El viejo y el mar


I'm currently rereading Hemingway's "The Old Man and the Sea". I've never read anything else by Ernest Hemingway, none of his other titles have jumped out at me. But, I really love this particular fish story. I've decided to make it an annual tradition and to revisit the book about this time each year. It's such a quick and easy read, that it seems perfectly within reason.


The book reminds me a little of my childhood in ways. With only 94 miles of water between Key West and Cuba, many of the natural things a Cuban literary fisherman experiences, you also get to experience fishing and living in south Florida, especially in The Keys. Things like popping man-o-war under your feet along an island beach, the sight of pterodactyl-shapped frigatebirds circling (really really) far above, the jumping of flying fish and ballyhoo scattering before the boat or the swirl of a larger predator fish and catching dolphin along a sargasso weed line (dolphin, the fish, not the porpoise, "mahi mahi" to Hawaiians and restaurants, "dorado" to Santiago, "el viejo").

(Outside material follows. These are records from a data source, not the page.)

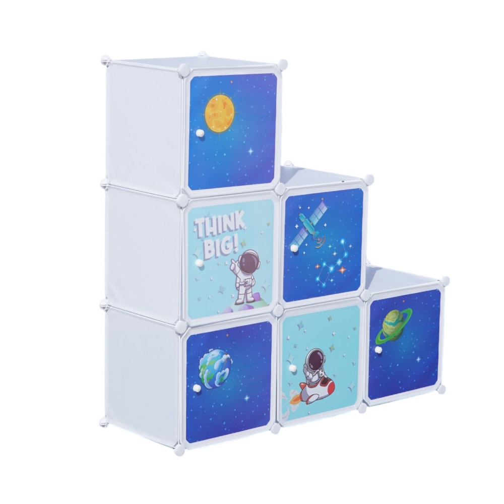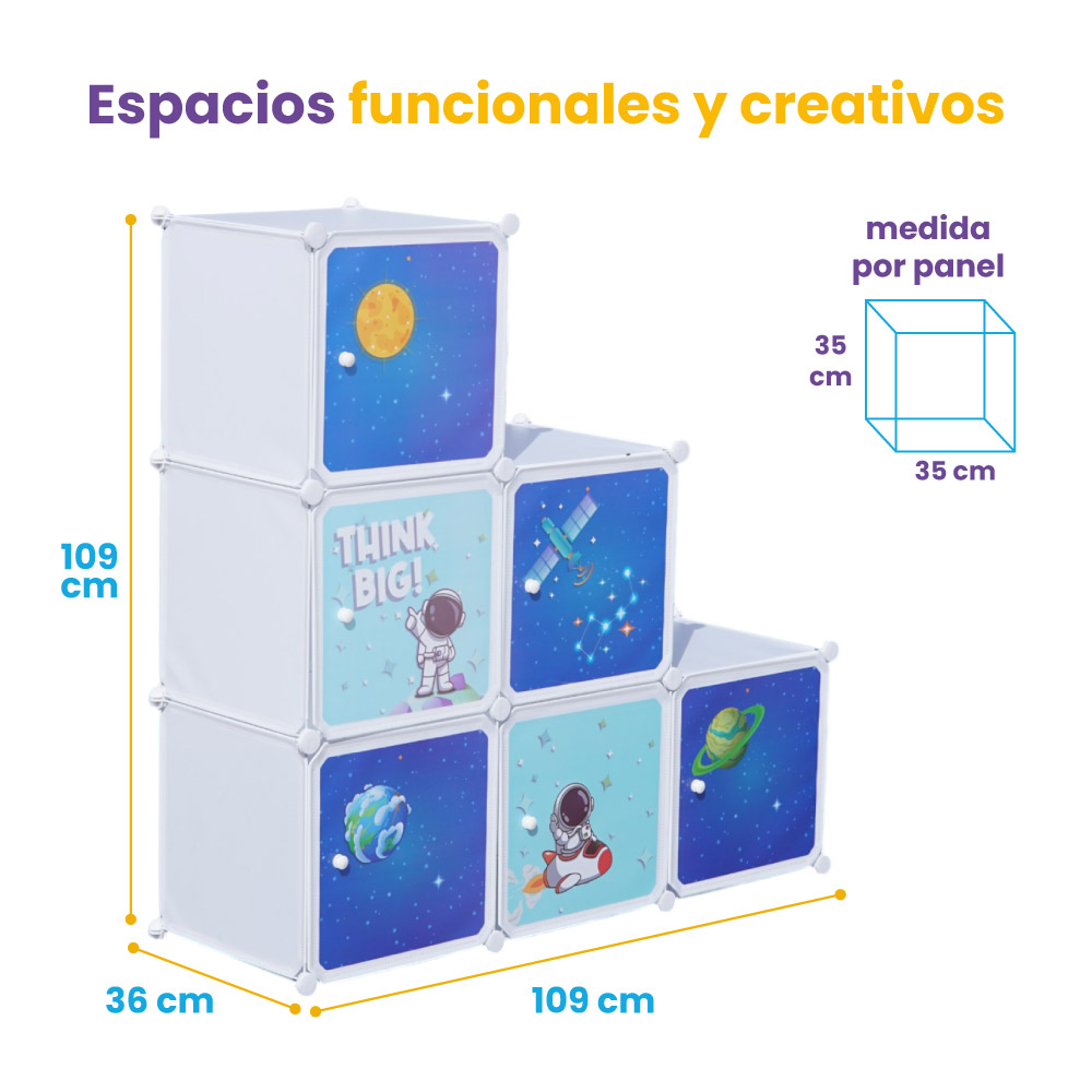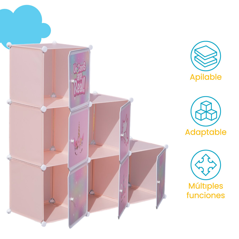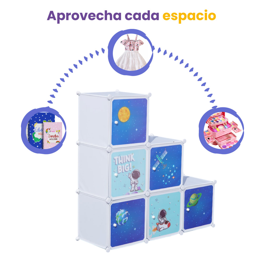 Este juguetero/zapatero modular de 6 niveles con puertas es la solución perfecta para mantener todo organizado de manera práctica y funcional. Además de ofrecer un amplio espacio de almacenamiento, su diseño colorido y temático añade un toque divertido y único que transforma cualquier habitación en un lugar lleno de estilo.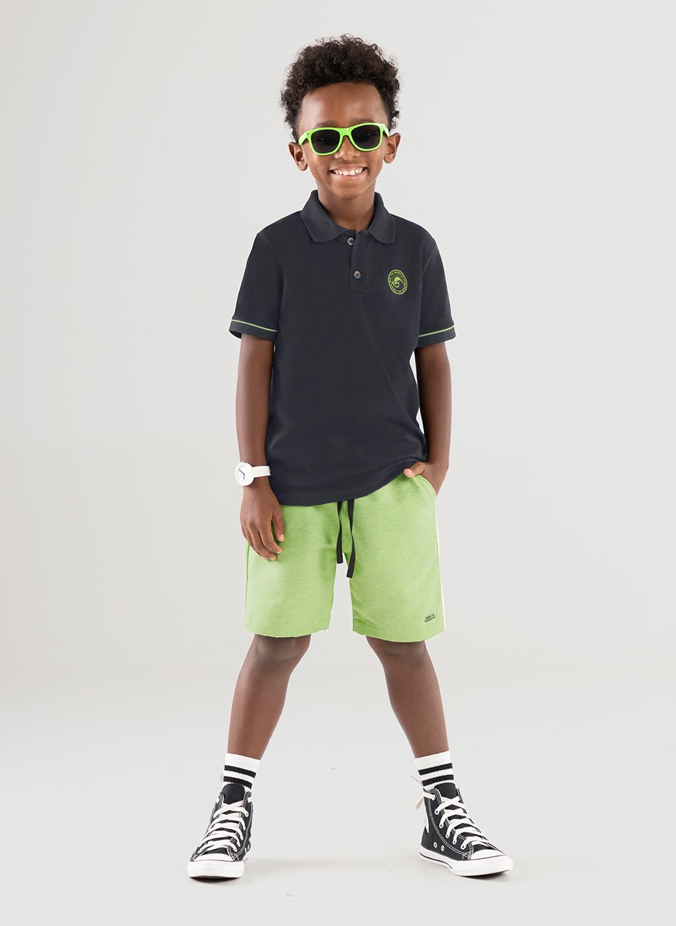 A polo apresenta uma gola clássica que confere um ar sofisticado ao conjunto, mantendo-se confortável e fresca, graças ao tecido leve de meia malha. A bermuda de sarja complementa o visual com um toque despojado e funcional. O cadarço ajustável na cintura permite um ajuste perfeito e seguro, garantindo o conforto durante todo o dia.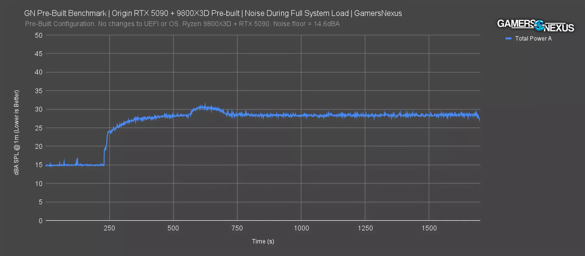 Next we’ll cover dBA over time as measured in our hemi-anechoic chamber.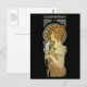 Vintages Jugendstil-Bild der jungen Frau in Profil mit einer weißen Feder. Schöne Kunst des tschechischen Künstlers Alfons Mucha.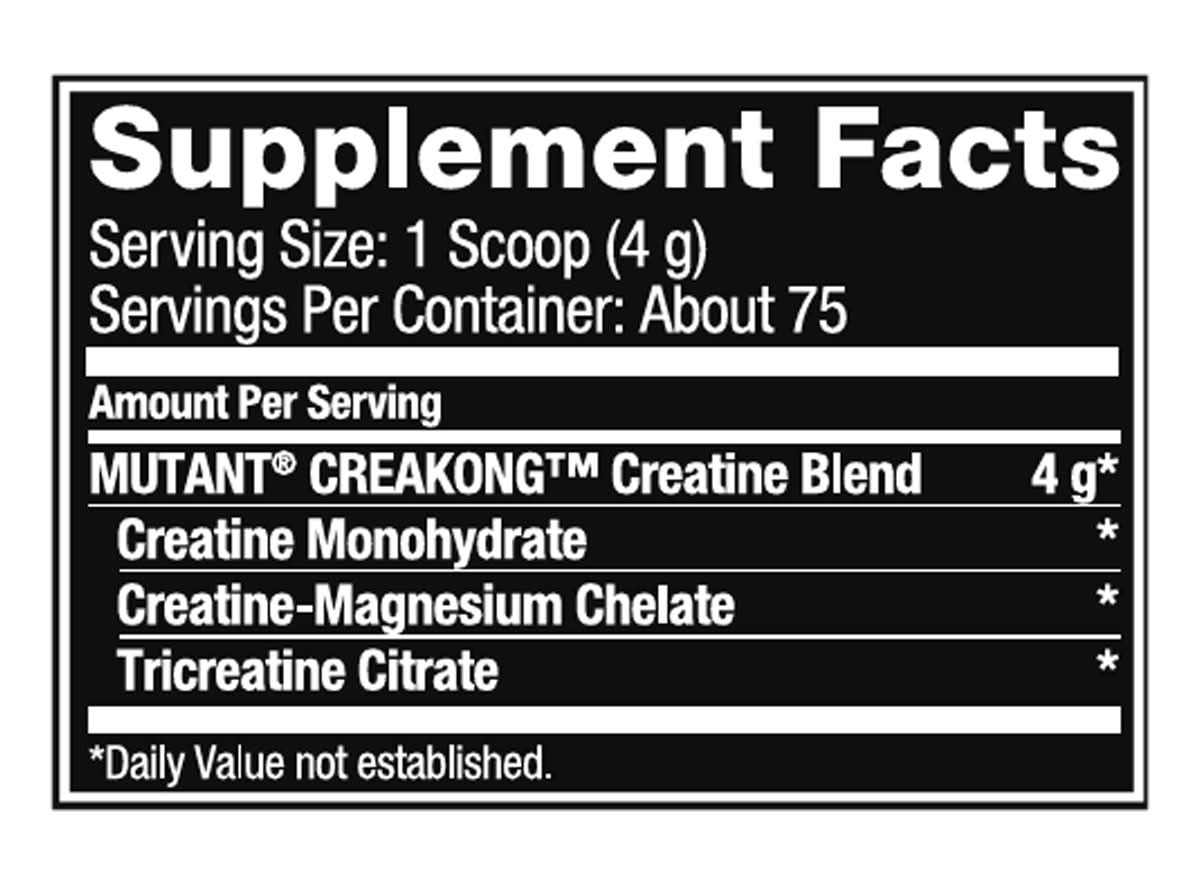 Ingredients: Mutant Creakong Creatine Blend: Creatine Monohydrate, Creatine-Magnesium Chelate, Tricreatine Citrate Contains: Milk, Soybeans, Fish, Tree Nuts, Coconuts

Having started it just yesterday before work and kicking back with it and an espresso over the past couple of lunch hours (faintly imagining that it's a Cuban coffee I have in hand), I'm a little sad that I'm nearing the end so quickly. In reading the book, I can close my eyes and almost picture the organic scent of salt water, feel the residue left on my skin from spray crashing across the bow of the boat and taste it on my skin when I wipe the coffee from my mouth with the back of my hand.